Here, parameter abnormality of the right heart system is possibly involved in the occurrence of UACR abnormality. Similarly, a previous report noted that the rise in CVP affects renal function markers, such as serum Cr and eGFR, in adult patients with heart failure, whereas CI and LVEF have no effect on serum Cr and eGFR.3) Increased CVP directly affects renal blood flow and renal function.18) Venous congestion is also reported to be the most important hemodynamic factor causing worsening of renal function in adults.19) In our case, 2 patients with CVP ≥10 mmHg recognized UACR. Several patients with UACR ≥10 mg/gCr also had right ventricular dysfunction. If right ventricular function is poor, CVP could easily increase depending on the circumstance, such as during exercise. This, in turn, may result in an increase in UACR. Thus, we assume that not only eGFR evaluation but also a detailed assessment of renal function, including microalbumin levels, is important especially in cases wherein right heart function declines in the remote postoperative period.

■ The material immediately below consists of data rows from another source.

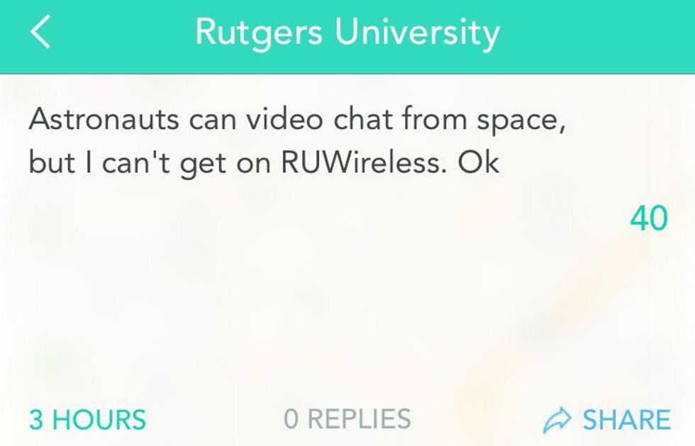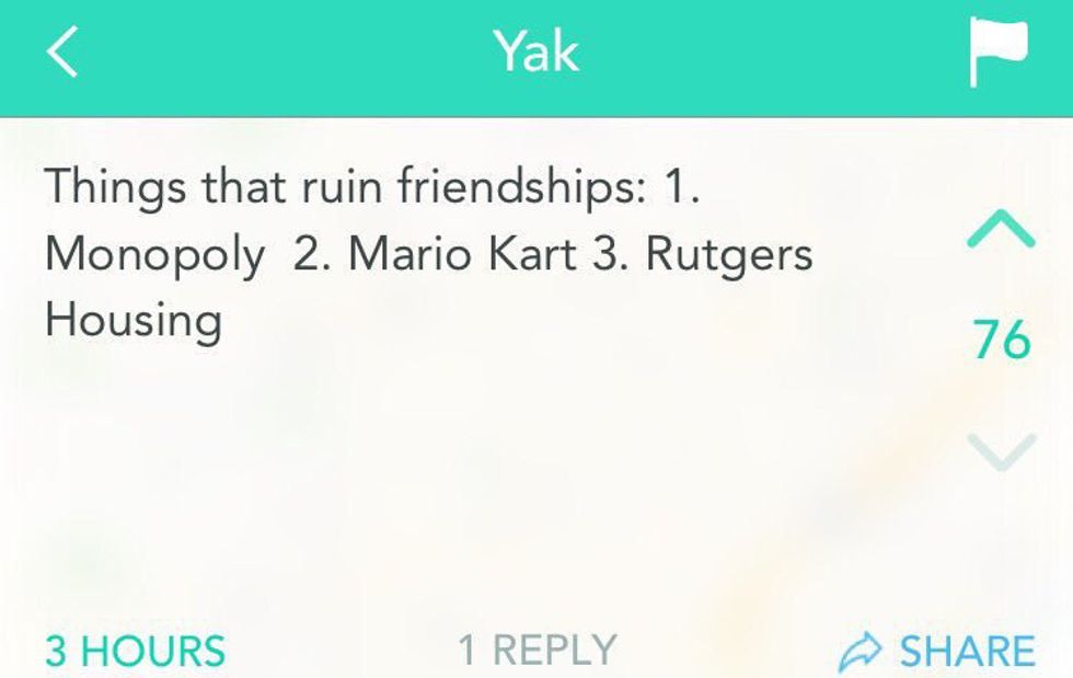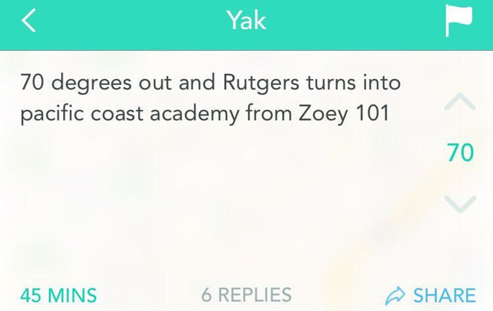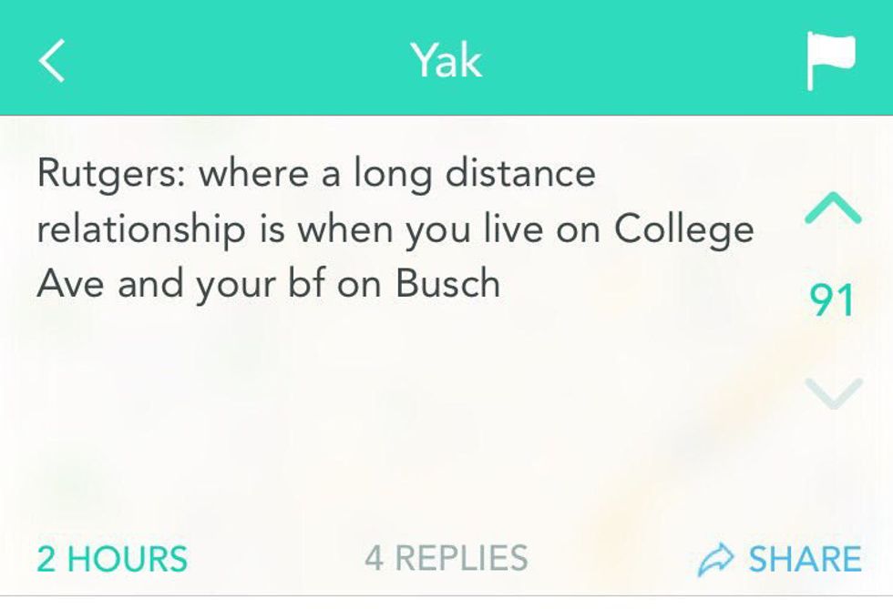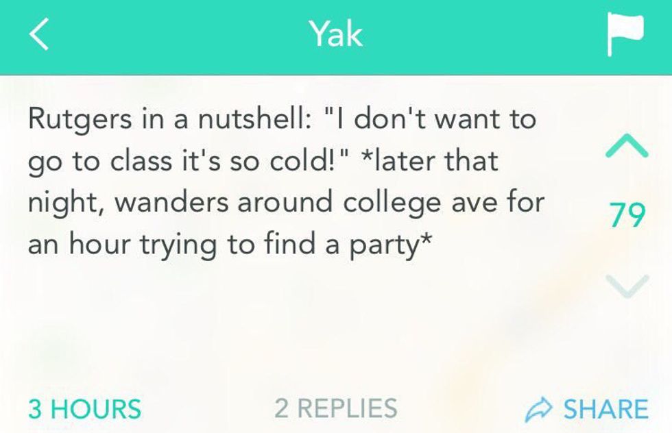 I'm not a user of the Yik Yak app (due to not having enough data on my phone to download it), but I definitely try to keep up with what people are saying on campus. For those of you who don't know what Yik Yak is, it's an app where people can anonymously post and create discussions with people within the same five-mile radius. You can like and dislike posts without people knowing who you are. People post a lot of irrelevant things on Yik Yak, but every once in a while, someone says something that makes me laugh. I follow the Rutgers Yik Yak account on Twitter to see what's going on. According to this page, Rutgers University is the seventh most active campus on Yik Yak in America in 2015.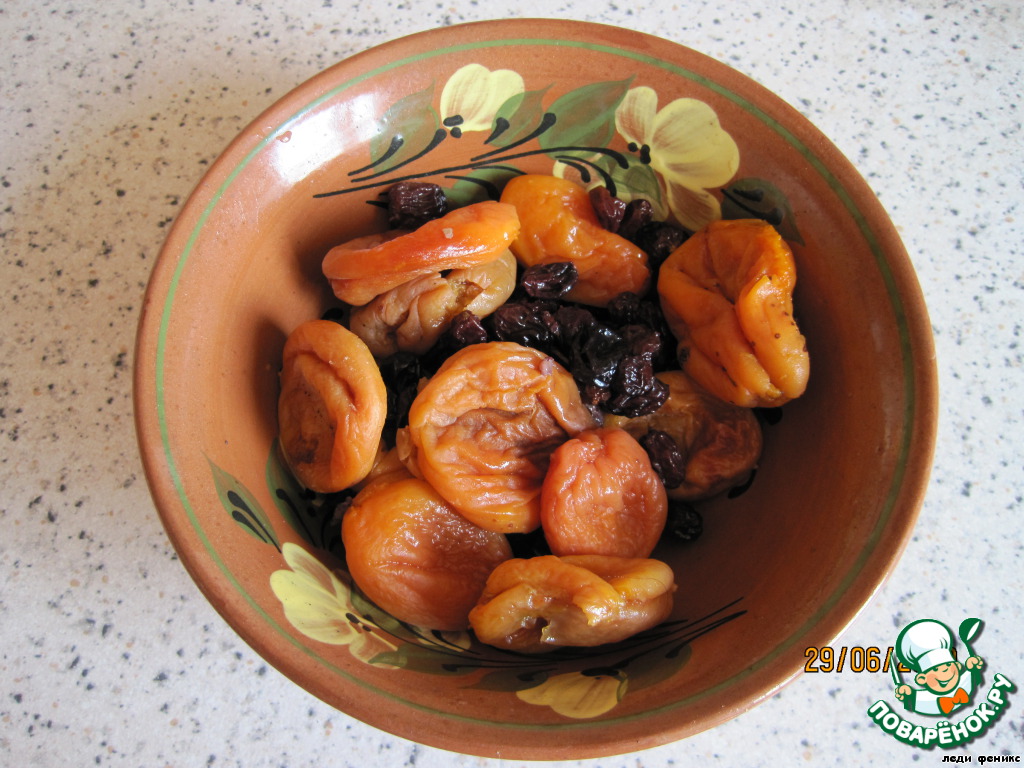 Изюм и курагу замочить. Затем слить воду и нарезать.
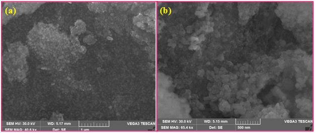 SEM images of Ag NPs are shown in Figure 6A & 6B. From the SEM images, it is clearly confirmed that the material synthesized by greenway is almost uniform spherical in nature. The particles are agglomerated crystals and look like a spherical like structures.27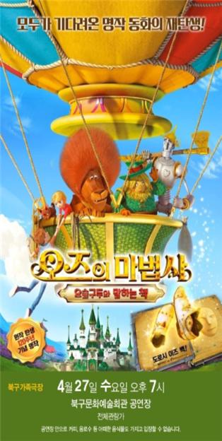 북구문화예술회관 무료 영화상영 안내-일시/장소: 2022. 4. 27.(수) 19:00 (늦은7시) / 북구문화예술회관 2층 공연장 -영화제목 : 오즈의마법사 : 요술구두와 말하는 책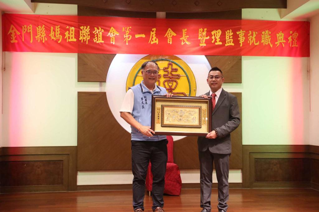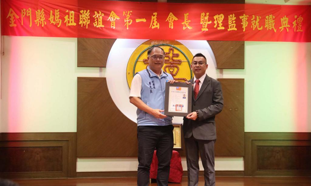 李副縣長並期許新任會長許燕輝帶領理監事團隊,結合全縣宮廟資源,深化宗教文化交流,推廣公益善舉,讓金門成為展現媽祖文化精神典範島嶼,並祝福會務昌隆、香火永續。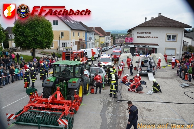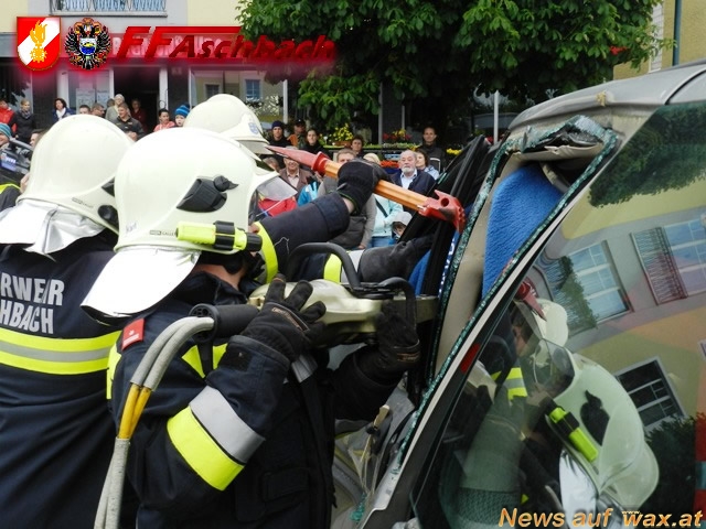Als besonderes Highlight wurde die Leistungsschau seitens der Feuerwehr von Kommandant HBI Mario Üblacker und seitens des Roten Kreuzes von Dir. Katharina Latschenberger moderiert. Die Feuerwehr Aschbach bedankt sich nochmals für die Teilnahme und die gute Zusammenarbeit beim Roten Kreuz St.Peter/Au und Amstetten, bei Dr. Wolfgang Schmutzer und der Polizei Aschbach.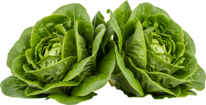 Two vibrant green butter lettuce heads fresh and crisp showing detailed leaf textures isolate healthy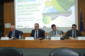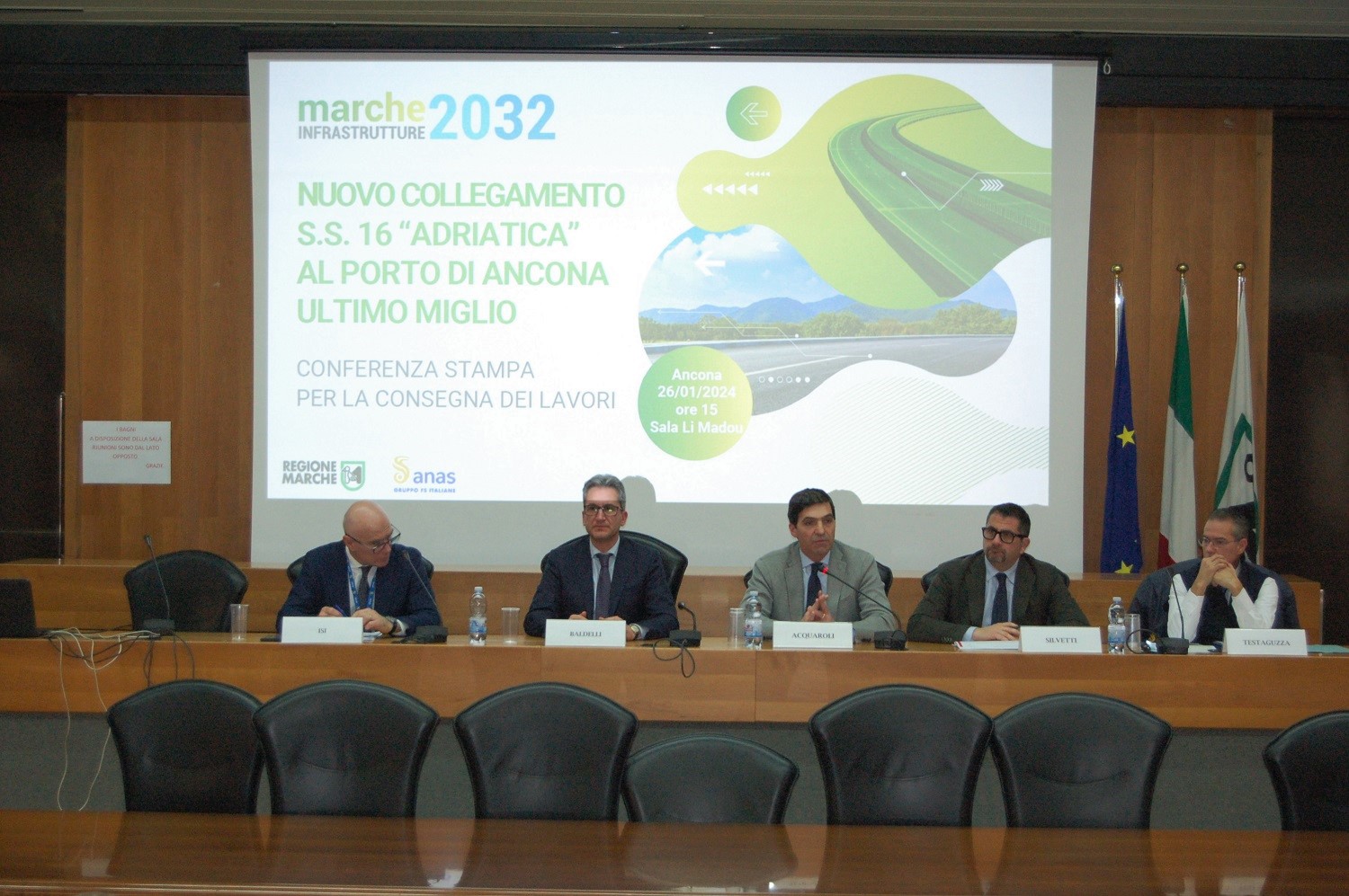 Sono previsti 1080 giorni per portare a termine i lavori da far partire dopo l’estate. Serviranno infatti circa 4 mesi per la progettazione esecutiva e il monitoraggio ambientale. L’opera è considerata di rilevanza strategica nazionale e per questo affidata dal Governo a un commissario straordinario. L’atto di consegna, che costituisce la conclusione delle procedure di appalto e affidamento dei lavori. «La realizzazione di questo nuovo collegamento, prosecuzione del raddoppio della Statale16, offre una prospettiva nuova alla città di Ancona e a tutta la regione. Completa e unisce quelle che sono le nostre grandi infrastrutture rappresentate da porto, interporto e aeroporto – ha detto il presidente Acquaroli – Un investimento strategico anche sul fronte della sostenibilità perché agevola con maggiore fluidità il deflusso delle merci dallo scalo dorico. Un’opera attesa da tanto tempo che finalmente vediamo concretizzata, ridisegnando Ancona e le Marche come una piattaforma importante della vasta area rappresentata dal Corridoio europeo». «Questo intervento – ha affermato l’amministratore Delegato di Anas Aldo Isi – rientra in un piano di investimenti di oltre 4 miliardi di euro che Anas ha attivato nelle Marche, dove gestiamo una rete stradale di oltre 1.500 chilometri. Oltre al collegamento tra il porto di Ancona e la Ss16 stiamo realizzando il raddoppio della variante di Ancona, la variante alla Salaria in provincia di Ascoli Piceno e stiamo avanzando con la progettazione della E78 nel pesarese (mentre il 12 febbraio avverrà la consegna dei lavori per l’apertura della Galleria della Guinza). Oltre 1 miliardo è dedicato invece alla manutenzione e ammodernamento di tutta la rete stradale esistente, un’attività strategica per migliorare il livello di servizio, la sicurezza stradale e la durata delle opere nel tempo».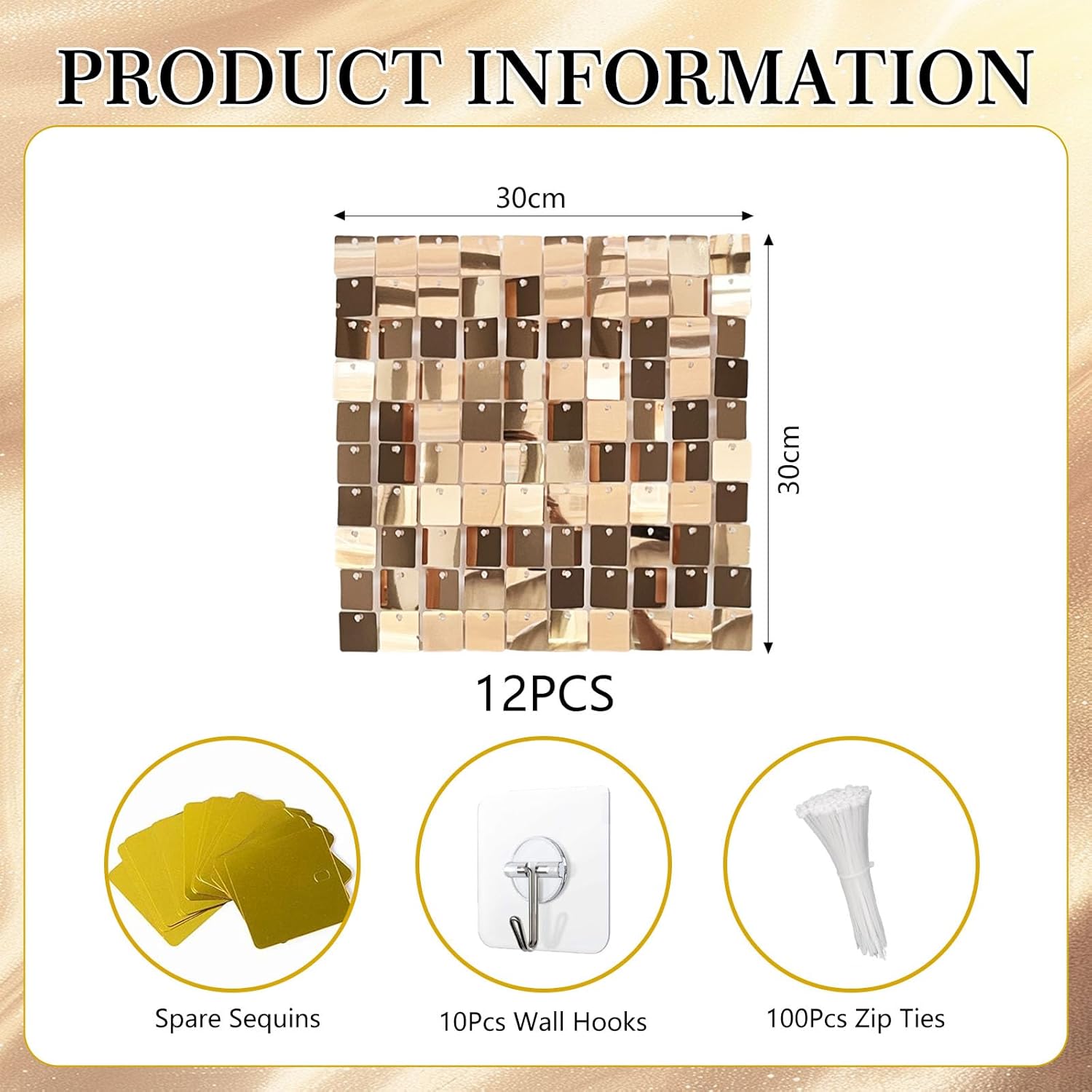 12PCS Champagne Shimmer Wall Backdrop, Square Sequin Photo Backdrops Panel, Glitter Wall Background for Birthdays, Weddings, Christmas, Engagements, Disco Bachelorette Party Decoration (3FTx4FT)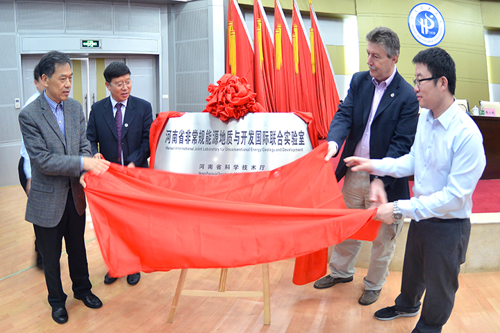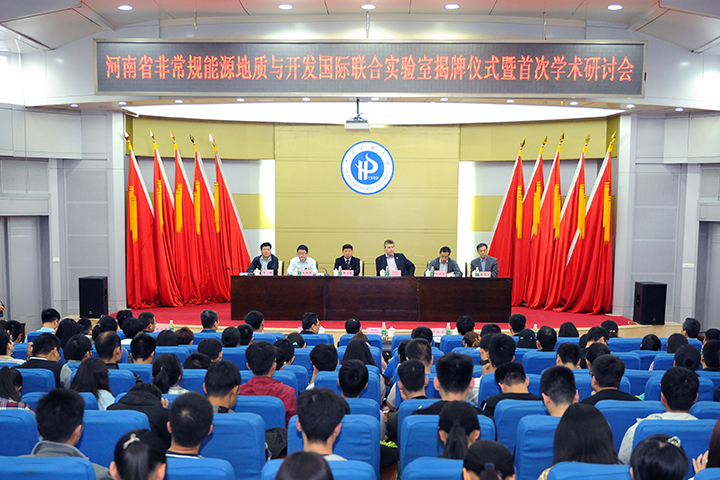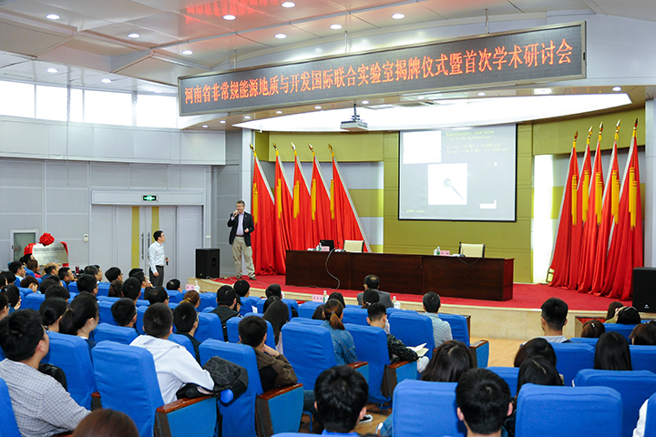 5月21日下午,河南省非常规能源地质与开发国际联合实验室揭牌仪式暨首次学术研讨会在我校力行楼学术报告厅举行。校长杨小林、美国工程院院士德芮克出席仪式。宾夕法尼亚州立大学教授刘世民、资环学院院长齐永安、资环学院副院长金毅、国际联合实验室主任曹运兴、该院相关专业教师及学生参加了活动。揭牌仪式由齐永安主持。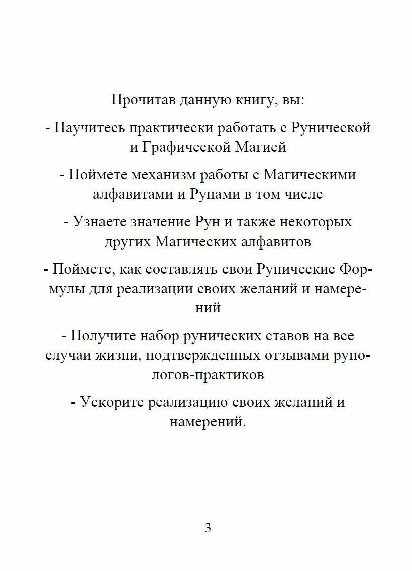 Прочитав данную книгу, вы - научитесь практически работать с рунической и графической магией; поймете механизм работы с магическими алфавитами и рунами в том числе; узнаете значения рун и также некоторых других магических алфавитов; поймете, как составлять свои рунические формулы для реализации своих желаний и намерений; получите набор рунических ставов на все случаи жизни, подтвержденных отзывами рунологов-практиков; ускорите реализацию своих желаний и намерений.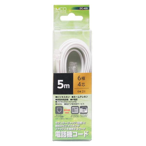 DC-405 WH 在庫限り MCO ミヨシ 6極4芯/2芯 電話機コード ホワイト 5m 管47387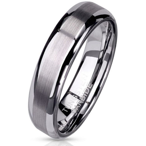 This comfort fit Tungsten wedding band ring for men features a beveled brushed steel design.

This study had some limitations. First, our patient sample size was small. Second, the urinary biomarkers were inspected only once; multiple tests similar to those in the diagnostic criteria of chronic kidney disease are necessary for an accurate evaluation. Moreover, the change in the examination value over time is also important. Hence, further studies are needed.

In conclusion, after biventricular repair of CHD, no patient had eGFR-CysC <90 mL/min/1.73 m² in the distant postoperative period, and 43% of patients showed increased UACR. In patients with UACR ≥10 mg/gCr, right heart system abnormality was observed, and several patients had cyanosis before radical treatment. Measurement for UACR may be able to detect renal dysfunction early in the postoperative remote period.